▸ Brief
Print, exactly and with no pictures, the line containing "胳膊肘纹身 9张纹在手臂胳膊肘处的点刺梵花纹身图片" and each line after it to the end of the entries below.
++++ Materials provided
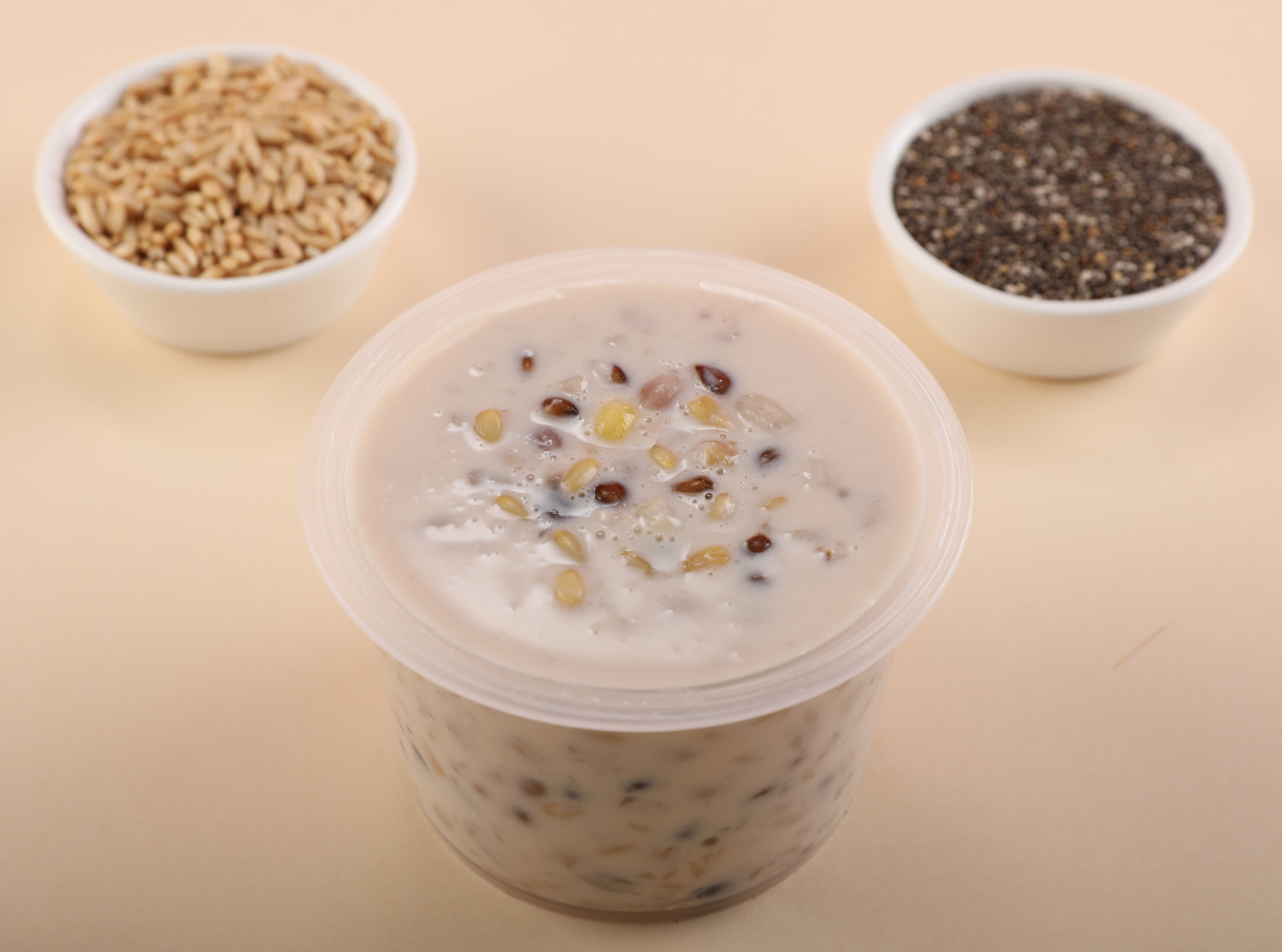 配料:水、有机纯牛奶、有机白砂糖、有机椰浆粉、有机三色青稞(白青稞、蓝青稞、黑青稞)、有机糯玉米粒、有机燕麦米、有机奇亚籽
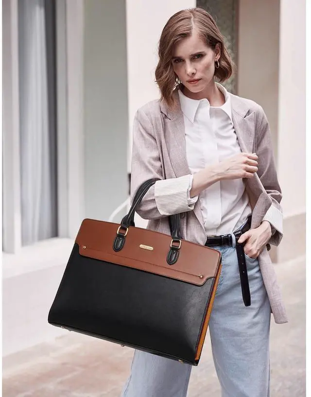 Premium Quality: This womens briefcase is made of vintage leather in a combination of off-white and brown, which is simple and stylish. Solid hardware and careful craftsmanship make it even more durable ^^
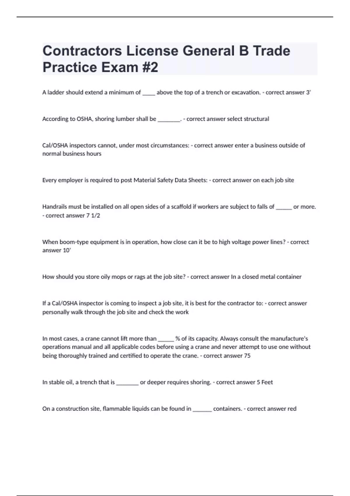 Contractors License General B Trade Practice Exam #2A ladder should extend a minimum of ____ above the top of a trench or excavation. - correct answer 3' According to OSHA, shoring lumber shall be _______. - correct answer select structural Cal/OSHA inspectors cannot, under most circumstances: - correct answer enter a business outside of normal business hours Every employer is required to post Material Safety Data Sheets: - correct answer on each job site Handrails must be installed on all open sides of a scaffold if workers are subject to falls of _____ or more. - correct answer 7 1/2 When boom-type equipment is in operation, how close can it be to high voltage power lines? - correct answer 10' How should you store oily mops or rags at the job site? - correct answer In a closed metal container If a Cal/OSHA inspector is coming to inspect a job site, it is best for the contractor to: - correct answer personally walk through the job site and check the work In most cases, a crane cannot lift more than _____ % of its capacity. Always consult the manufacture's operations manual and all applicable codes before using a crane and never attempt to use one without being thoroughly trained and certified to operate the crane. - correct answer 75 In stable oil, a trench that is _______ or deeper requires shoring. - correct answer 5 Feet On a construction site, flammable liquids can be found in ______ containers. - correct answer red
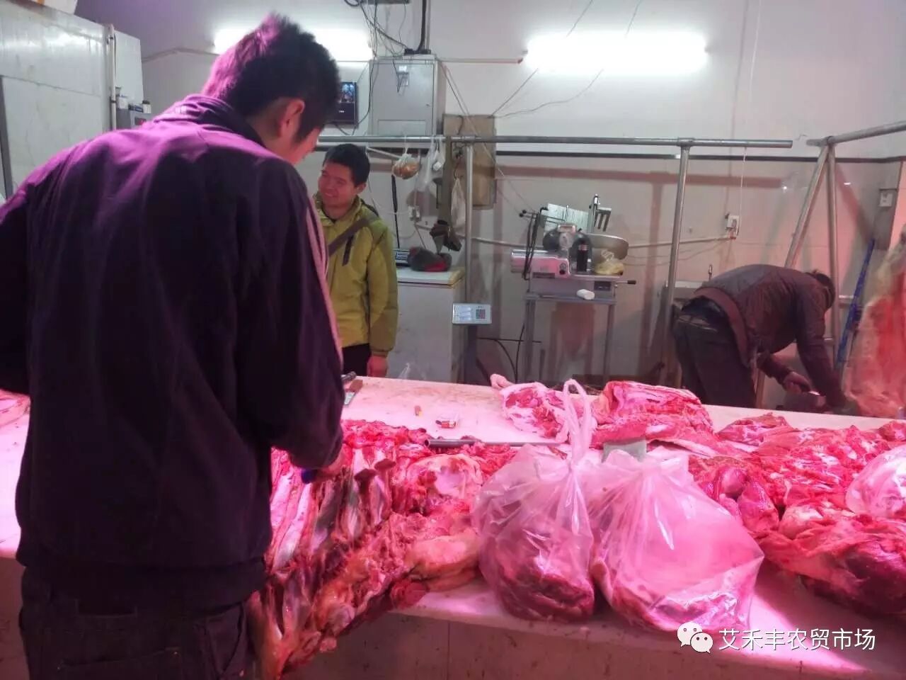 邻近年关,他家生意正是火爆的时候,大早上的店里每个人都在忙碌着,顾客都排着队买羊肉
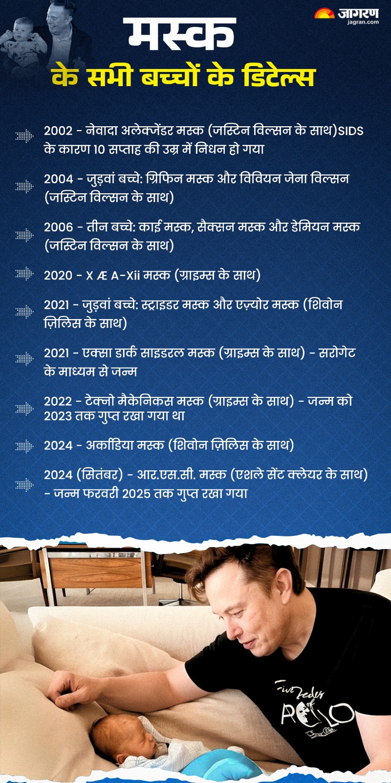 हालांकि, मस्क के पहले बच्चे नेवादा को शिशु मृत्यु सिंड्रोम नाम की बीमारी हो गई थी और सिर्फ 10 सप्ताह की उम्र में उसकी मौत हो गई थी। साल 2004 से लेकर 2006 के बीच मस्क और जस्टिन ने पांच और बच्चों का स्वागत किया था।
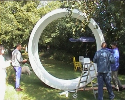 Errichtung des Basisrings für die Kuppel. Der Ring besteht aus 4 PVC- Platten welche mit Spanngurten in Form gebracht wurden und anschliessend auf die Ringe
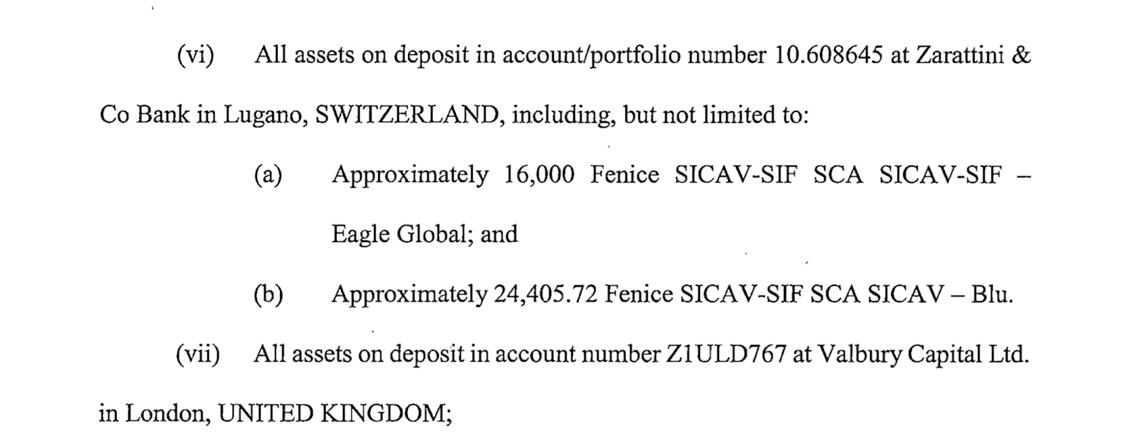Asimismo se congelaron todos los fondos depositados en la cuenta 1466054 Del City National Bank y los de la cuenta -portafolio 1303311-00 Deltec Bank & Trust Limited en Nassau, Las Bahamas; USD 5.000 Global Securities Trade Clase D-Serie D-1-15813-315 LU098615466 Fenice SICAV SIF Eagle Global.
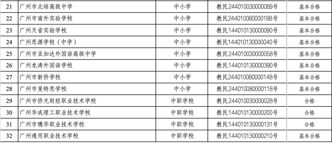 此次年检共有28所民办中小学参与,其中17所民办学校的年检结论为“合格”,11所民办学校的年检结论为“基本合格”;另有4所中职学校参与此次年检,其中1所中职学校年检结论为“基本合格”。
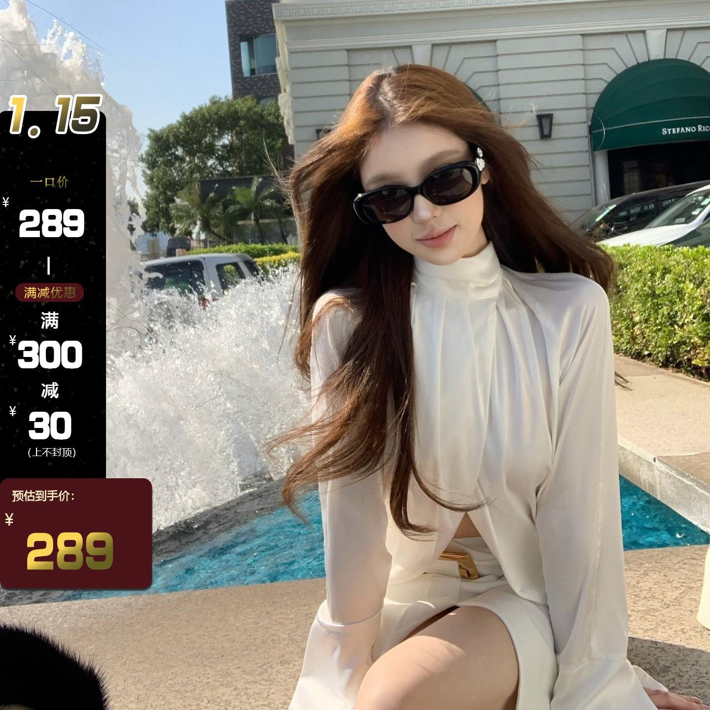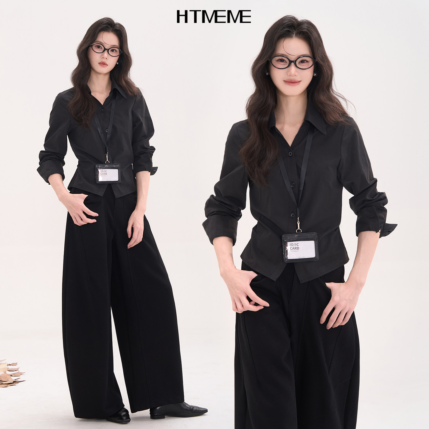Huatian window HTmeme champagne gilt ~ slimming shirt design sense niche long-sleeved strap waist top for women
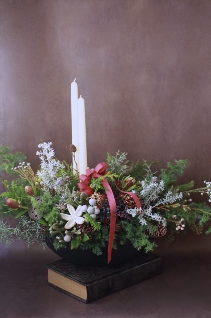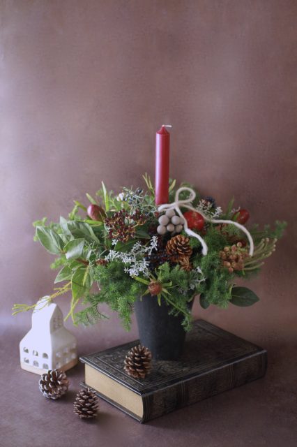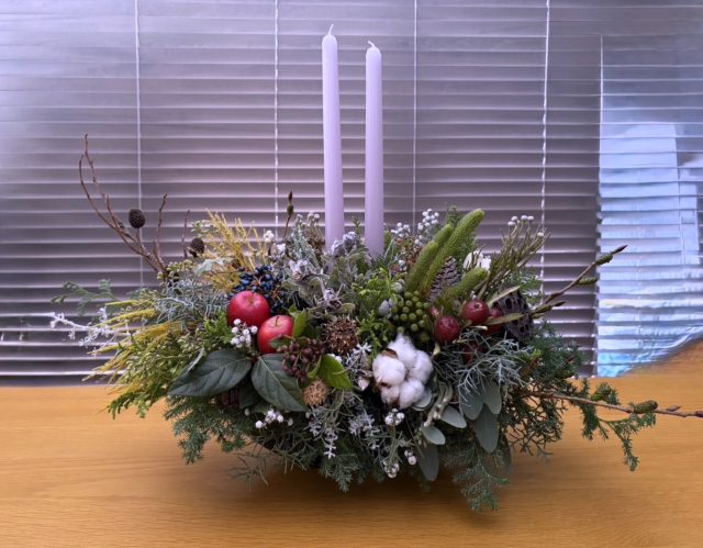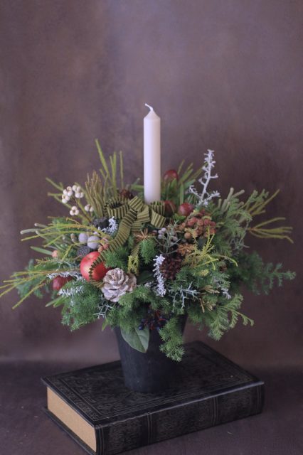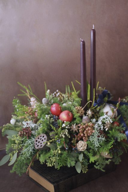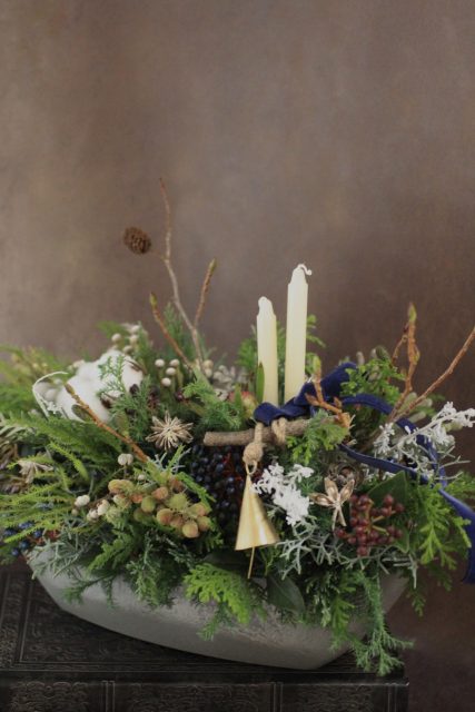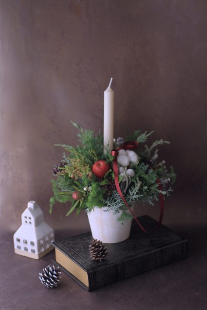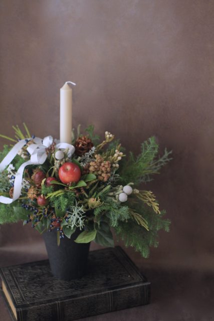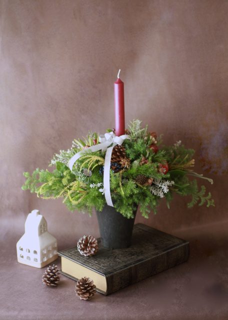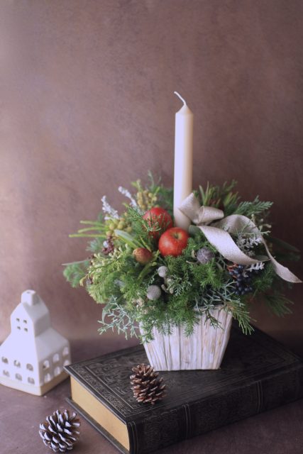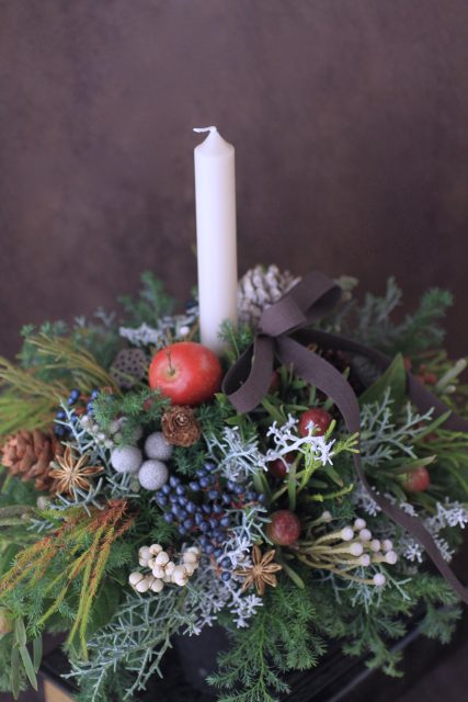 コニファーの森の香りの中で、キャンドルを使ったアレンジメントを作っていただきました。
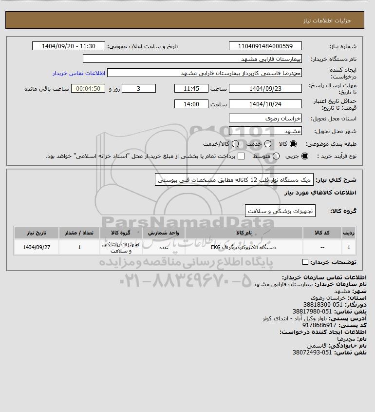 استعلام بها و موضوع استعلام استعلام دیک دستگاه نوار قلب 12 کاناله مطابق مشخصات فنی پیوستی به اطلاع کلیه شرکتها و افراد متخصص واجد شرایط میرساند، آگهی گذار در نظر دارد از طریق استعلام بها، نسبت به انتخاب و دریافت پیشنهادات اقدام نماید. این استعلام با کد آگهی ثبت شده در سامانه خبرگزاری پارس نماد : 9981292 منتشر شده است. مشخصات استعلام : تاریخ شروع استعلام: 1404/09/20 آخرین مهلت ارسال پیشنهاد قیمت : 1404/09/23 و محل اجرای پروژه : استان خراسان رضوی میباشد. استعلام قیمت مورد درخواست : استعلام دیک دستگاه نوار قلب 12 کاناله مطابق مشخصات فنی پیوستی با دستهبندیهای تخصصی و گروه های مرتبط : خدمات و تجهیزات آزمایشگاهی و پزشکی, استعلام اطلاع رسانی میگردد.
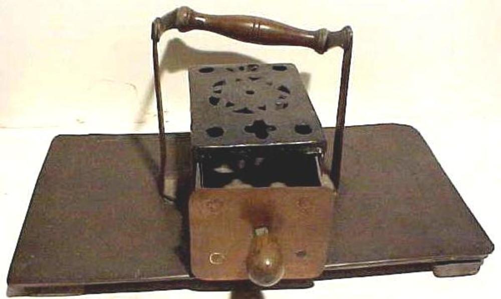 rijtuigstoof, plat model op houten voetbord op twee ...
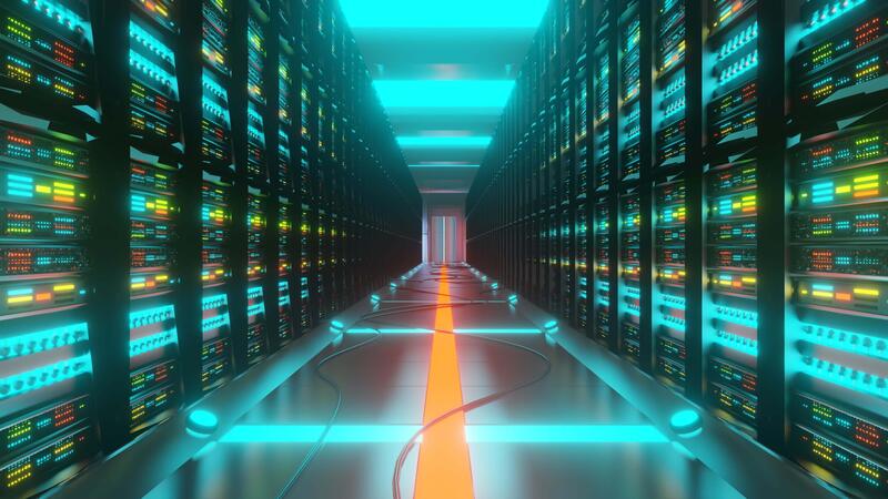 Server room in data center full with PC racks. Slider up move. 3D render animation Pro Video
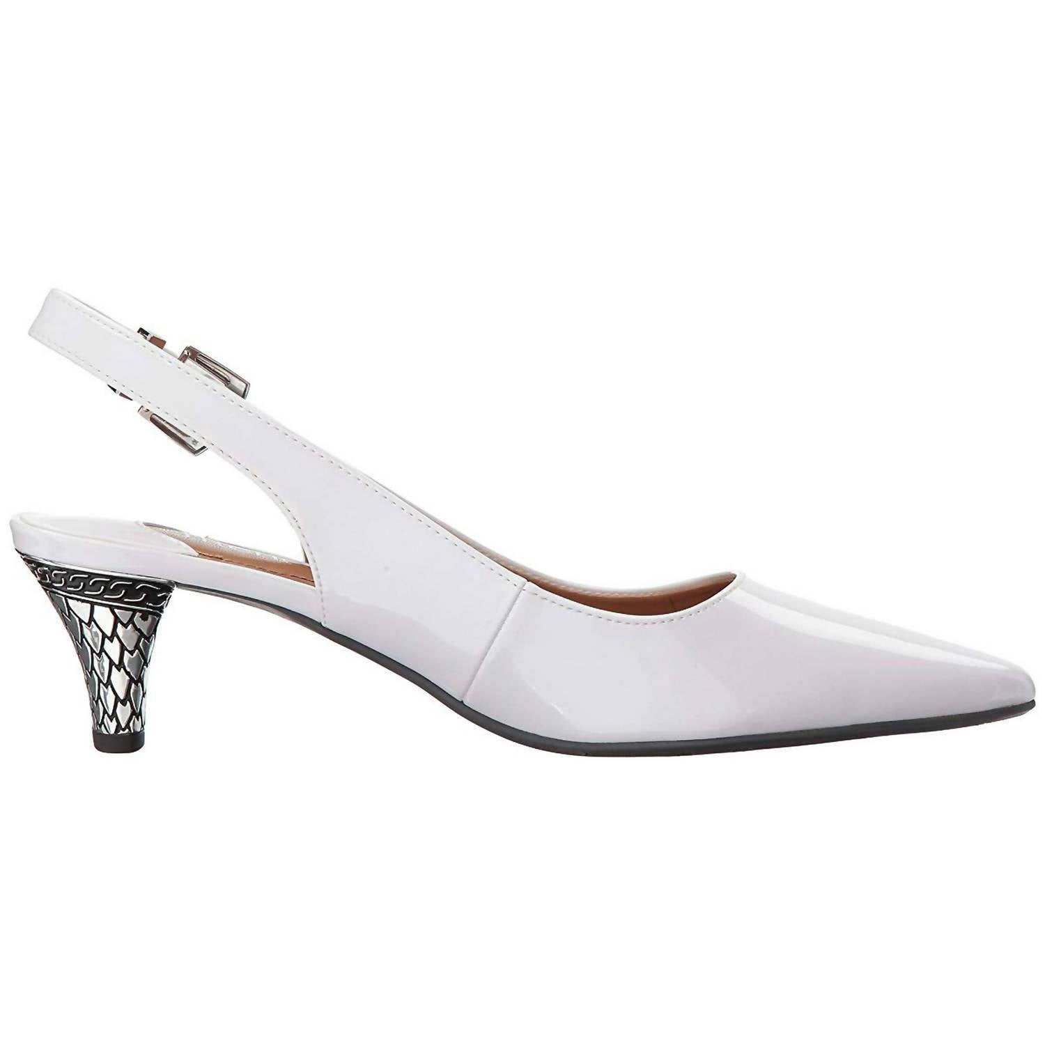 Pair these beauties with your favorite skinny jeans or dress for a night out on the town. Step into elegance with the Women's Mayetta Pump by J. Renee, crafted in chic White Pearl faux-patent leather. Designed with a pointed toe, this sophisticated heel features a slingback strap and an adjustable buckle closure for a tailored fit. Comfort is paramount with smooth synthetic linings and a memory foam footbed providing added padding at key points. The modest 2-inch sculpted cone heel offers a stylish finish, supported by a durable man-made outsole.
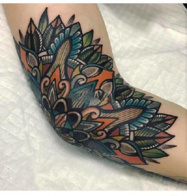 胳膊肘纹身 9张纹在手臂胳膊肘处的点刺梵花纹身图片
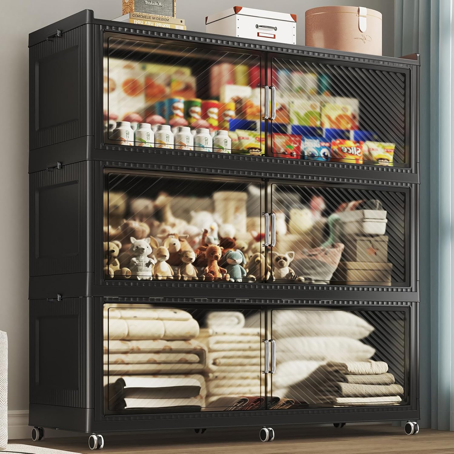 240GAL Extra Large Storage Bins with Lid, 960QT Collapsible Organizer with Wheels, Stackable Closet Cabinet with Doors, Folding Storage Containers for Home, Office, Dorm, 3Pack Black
++++++++
▸ Response to the task
 胳膊肘纹身 9张纹在手臂胳膊肘处的点刺梵花纹身图片
 240GAL Extra Large Storage Bins with Lid, 960QT Collapsible Organizer with Wheels, Stackable Closet Cabinet with Doors, Folding Storage Containers for Home, Office, Dorm, 3Pack Black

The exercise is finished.